WHAT YOU NEED TO DO :: Within the listing below, please copy exactly the lines between the line holding "Парик Омбре из" and the line holding "播放器可能无法启动插入Blu-Ray光盘时会自动进行,因此您需要自己打开VLC,然后选择 Media-> Open", inclusive.

MATERIAL FOR THIS EXERCISE ::

- Opening Delimiter -

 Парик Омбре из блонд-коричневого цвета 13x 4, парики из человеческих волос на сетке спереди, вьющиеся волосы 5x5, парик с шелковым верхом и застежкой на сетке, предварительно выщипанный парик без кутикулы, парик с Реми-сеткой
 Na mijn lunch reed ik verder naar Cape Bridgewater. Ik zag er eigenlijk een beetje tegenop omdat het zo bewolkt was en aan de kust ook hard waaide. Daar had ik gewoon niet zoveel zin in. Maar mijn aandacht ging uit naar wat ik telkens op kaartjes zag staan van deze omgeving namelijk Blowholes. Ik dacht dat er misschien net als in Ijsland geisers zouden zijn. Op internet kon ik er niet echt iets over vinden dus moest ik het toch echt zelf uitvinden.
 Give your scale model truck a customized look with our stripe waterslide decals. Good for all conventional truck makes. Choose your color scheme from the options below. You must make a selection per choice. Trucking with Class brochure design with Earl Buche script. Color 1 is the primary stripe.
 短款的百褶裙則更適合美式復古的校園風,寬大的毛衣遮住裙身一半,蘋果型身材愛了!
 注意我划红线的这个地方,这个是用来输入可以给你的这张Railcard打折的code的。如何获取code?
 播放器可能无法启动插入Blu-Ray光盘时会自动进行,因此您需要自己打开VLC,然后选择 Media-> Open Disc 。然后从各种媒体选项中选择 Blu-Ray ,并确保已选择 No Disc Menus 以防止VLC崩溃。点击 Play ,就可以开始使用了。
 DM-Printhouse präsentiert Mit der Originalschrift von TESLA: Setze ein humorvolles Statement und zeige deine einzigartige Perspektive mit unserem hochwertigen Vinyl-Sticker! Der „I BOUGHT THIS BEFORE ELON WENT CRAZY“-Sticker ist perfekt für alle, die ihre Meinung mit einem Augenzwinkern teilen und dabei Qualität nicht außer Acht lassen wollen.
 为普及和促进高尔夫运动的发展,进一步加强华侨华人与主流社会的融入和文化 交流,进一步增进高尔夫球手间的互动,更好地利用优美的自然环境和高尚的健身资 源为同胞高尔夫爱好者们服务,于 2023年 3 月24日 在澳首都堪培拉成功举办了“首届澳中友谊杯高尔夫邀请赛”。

- Closing Delimiter -
- Opening Delimiter -

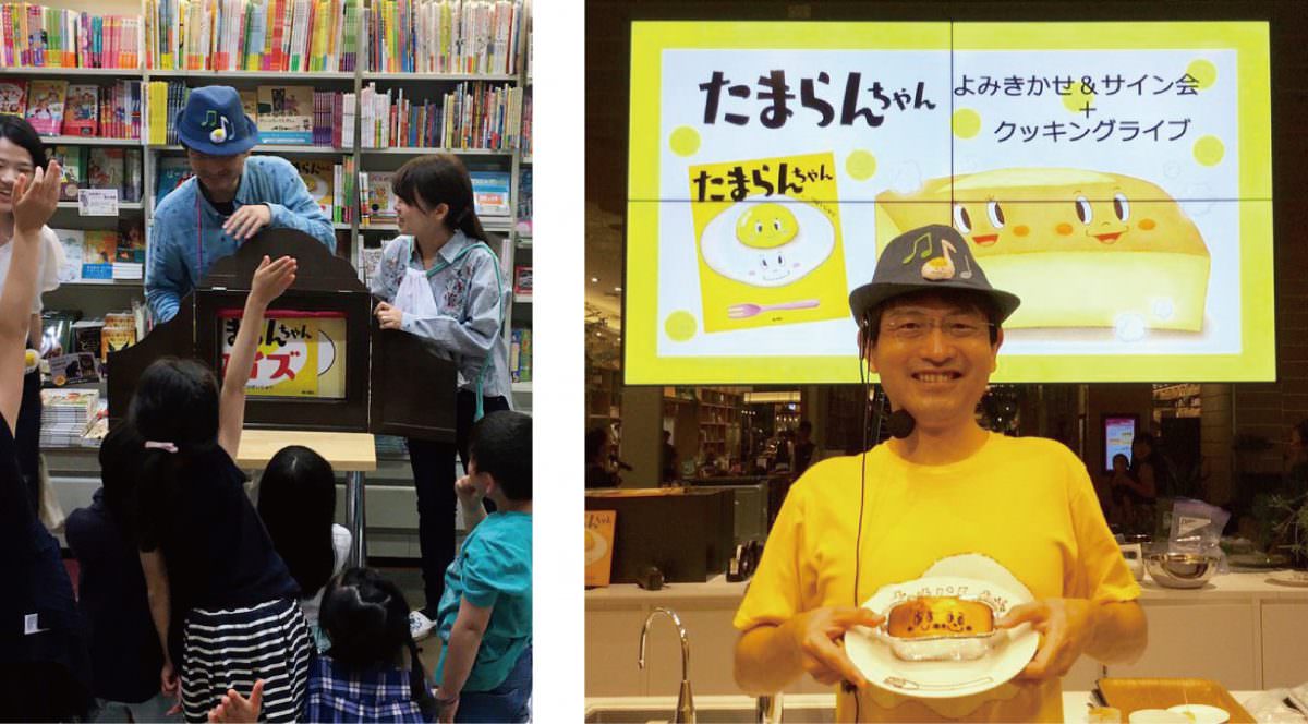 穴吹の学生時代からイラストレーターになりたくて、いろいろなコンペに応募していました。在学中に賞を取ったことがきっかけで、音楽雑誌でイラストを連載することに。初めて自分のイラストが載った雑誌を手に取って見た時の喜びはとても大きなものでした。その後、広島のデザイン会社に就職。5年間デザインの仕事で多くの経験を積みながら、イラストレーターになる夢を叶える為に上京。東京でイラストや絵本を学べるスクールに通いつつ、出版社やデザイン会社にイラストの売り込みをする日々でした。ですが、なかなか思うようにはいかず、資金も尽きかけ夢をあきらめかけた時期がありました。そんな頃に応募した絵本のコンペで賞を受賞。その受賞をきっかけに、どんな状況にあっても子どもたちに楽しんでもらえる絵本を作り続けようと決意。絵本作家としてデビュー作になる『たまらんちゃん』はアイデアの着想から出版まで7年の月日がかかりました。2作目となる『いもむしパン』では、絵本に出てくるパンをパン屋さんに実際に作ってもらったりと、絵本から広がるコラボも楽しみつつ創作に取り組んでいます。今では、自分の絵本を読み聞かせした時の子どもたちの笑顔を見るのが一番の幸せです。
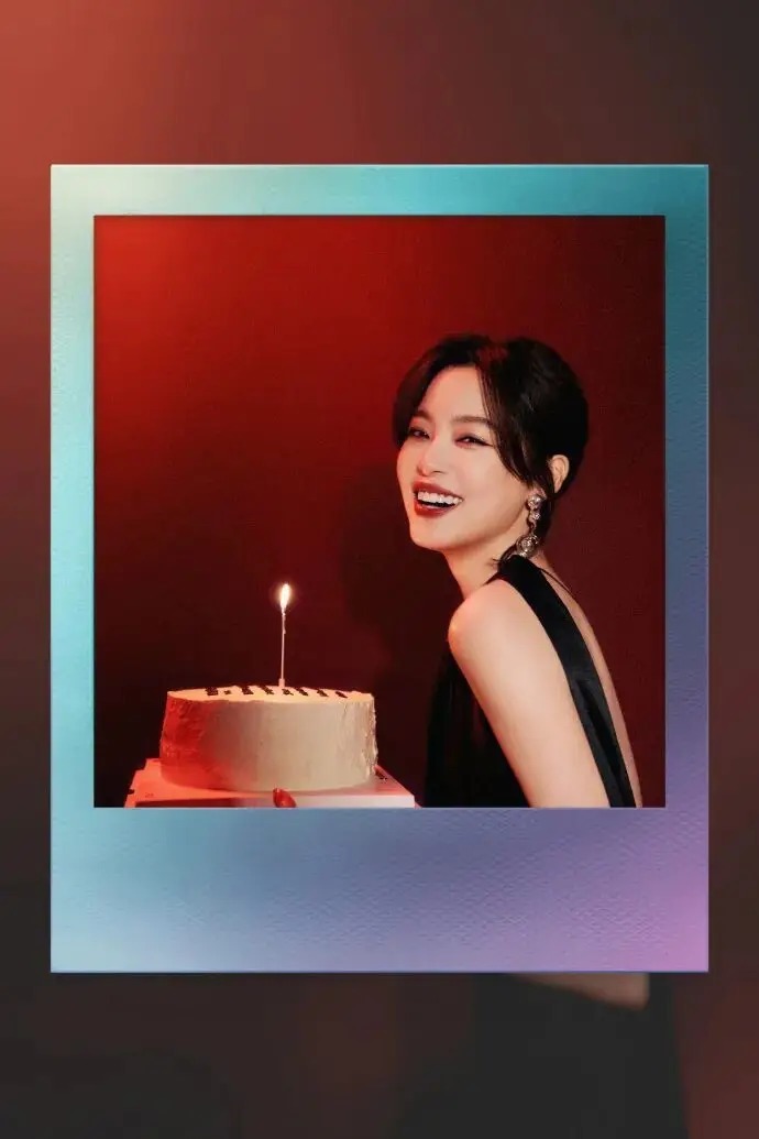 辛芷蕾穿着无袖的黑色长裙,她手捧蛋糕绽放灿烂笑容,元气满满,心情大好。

- Closing Delimiter -
- Opening Delimiter -

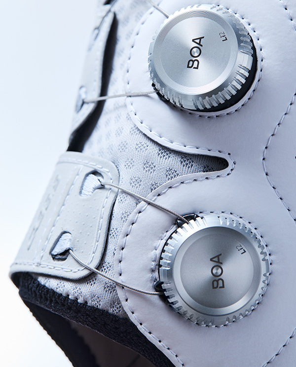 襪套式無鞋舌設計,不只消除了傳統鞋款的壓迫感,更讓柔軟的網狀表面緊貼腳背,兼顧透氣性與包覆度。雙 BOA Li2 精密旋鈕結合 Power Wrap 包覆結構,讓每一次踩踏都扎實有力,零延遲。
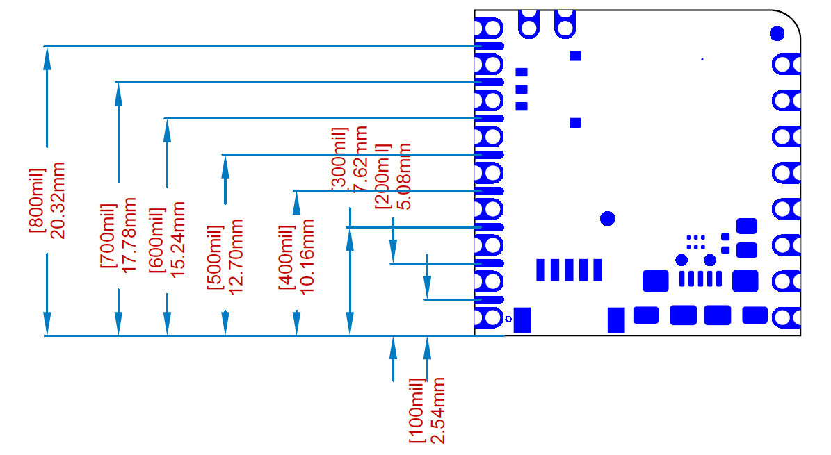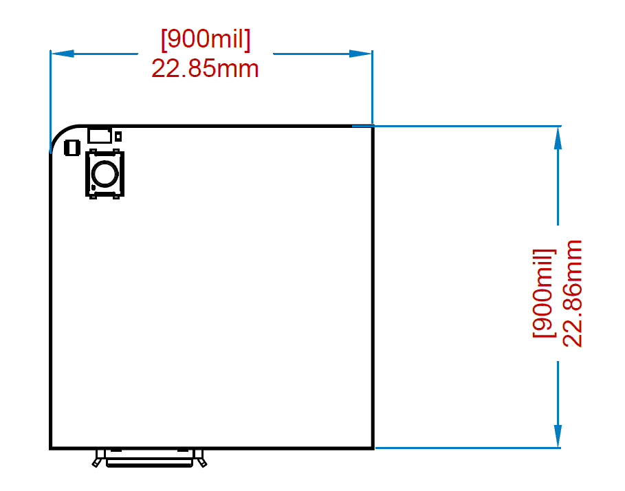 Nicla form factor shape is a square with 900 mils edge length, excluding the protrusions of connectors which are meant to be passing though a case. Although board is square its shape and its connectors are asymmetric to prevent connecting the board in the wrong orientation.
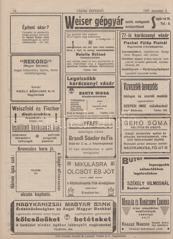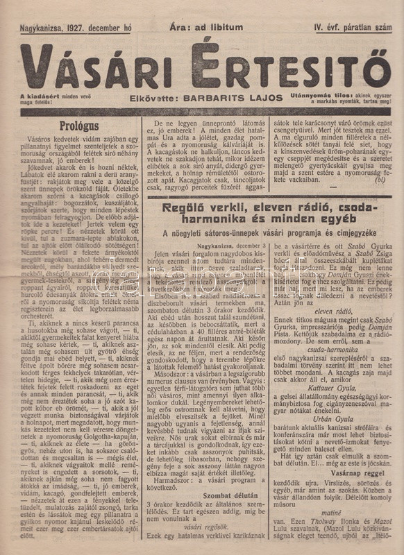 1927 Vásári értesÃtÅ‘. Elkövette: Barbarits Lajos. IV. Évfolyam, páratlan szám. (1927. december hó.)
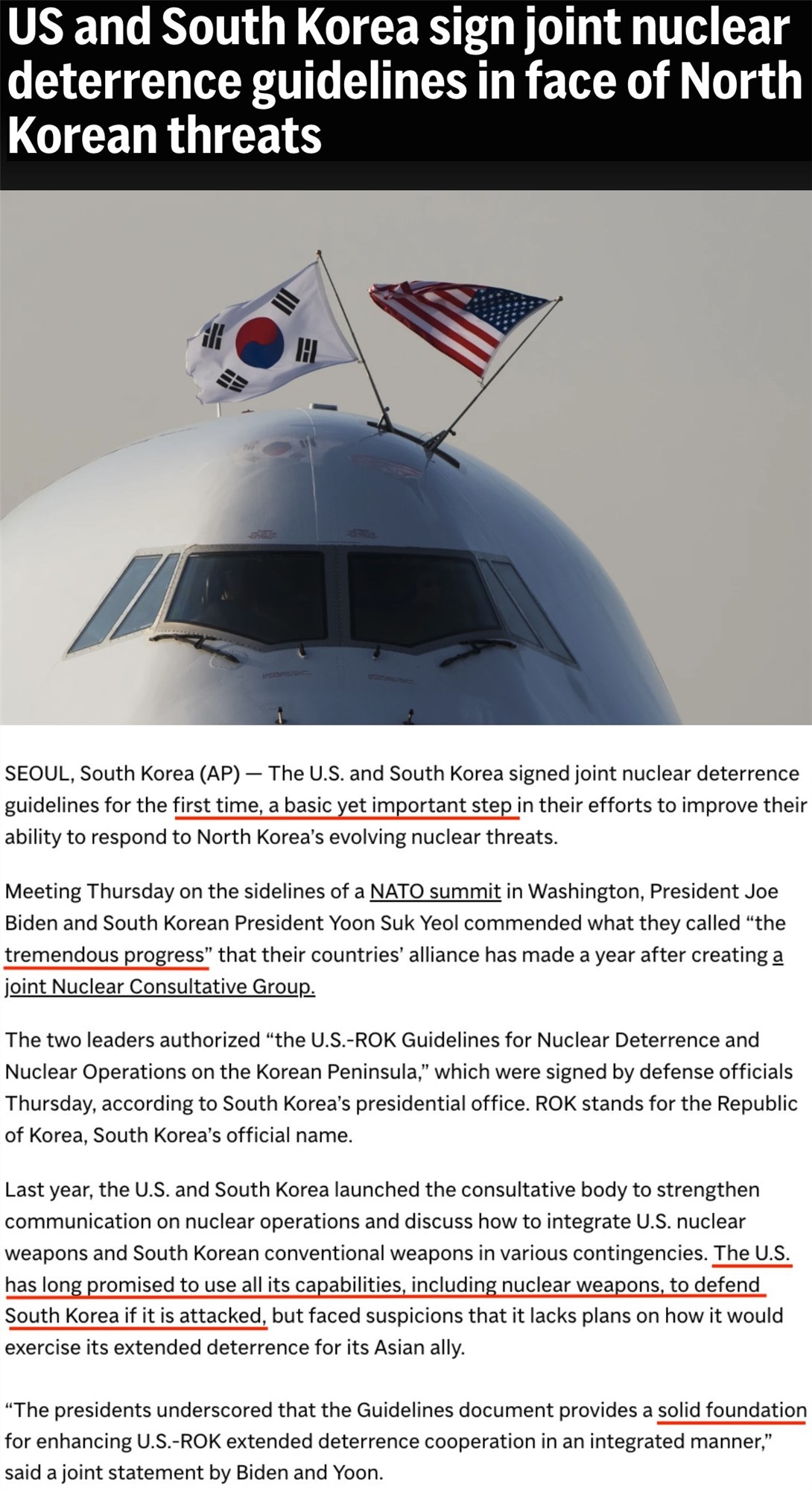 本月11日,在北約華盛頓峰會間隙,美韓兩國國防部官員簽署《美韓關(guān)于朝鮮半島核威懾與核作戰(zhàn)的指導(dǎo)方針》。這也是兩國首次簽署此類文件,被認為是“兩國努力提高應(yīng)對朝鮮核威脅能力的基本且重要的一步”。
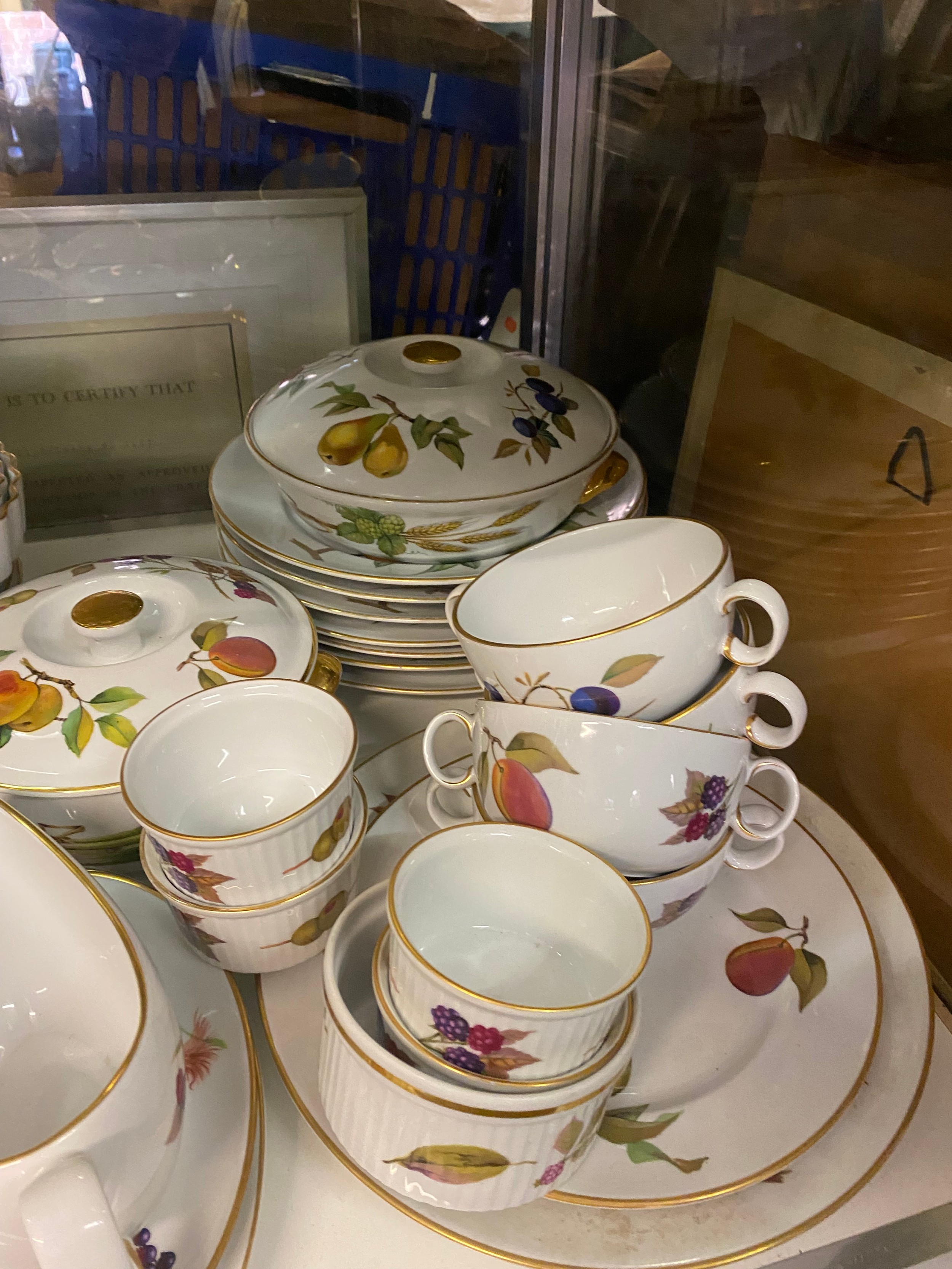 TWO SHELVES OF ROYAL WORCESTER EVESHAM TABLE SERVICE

- Closing Delimiter -

FINAL ANSWER ::
 Парик Омбре из блонд-коричневого цвета 13x 4, парики из человеческих волос на сетке спереди, вьющиеся волосы 5x5, парик с шелковым верхом и застежкой на сетке, предварительно выщипанный парик без кутикулы, парик с Реми-сеткой
 Na mijn lunch reed ik verder naar Cape Bridgewater. Ik zag er eigenlijk een beetje tegenop omdat het zo bewolkt was en aan de kust ook hard waaide. Daar had ik gewoon niet zoveel zin in. Maar mijn aandacht ging uit naar wat ik telkens op kaartjes zag staan van deze omgeving namelijk Blowholes. Ik dacht dat er misschien net als in Ijsland geisers zouden zijn. Op internet kon ik er niet echt iets over vinden dus moest ik het toch echt zelf uitvinden.
 Give your scale model truck a customized look with our stripe waterslide decals. Good for all conventional truck makes. Choose your color scheme from the options below. You must make a selection per choice. Trucking with Class brochure design with Earl Buche script. Color 1 is the primary stripe.
 短款的百褶裙則更適合美式復古的校園風,寬大的毛衣遮住裙身一半,蘋果型身材愛了!
 注意我划红线的这个地方,这个是用来输入可以给你的这张Railcard打折的code的。如何获取code?
 播放器可能无法启动插入Blu-Ray光盘时会自动进行,因此您需要自己打开VLC,然后选择 Media-> Open Disc 。然后从各种媒体选项中选择 Blu-Ray ,并确保已选择 No Disc Menus 以防止VLC崩溃。点击 Play ,就可以开始使用了。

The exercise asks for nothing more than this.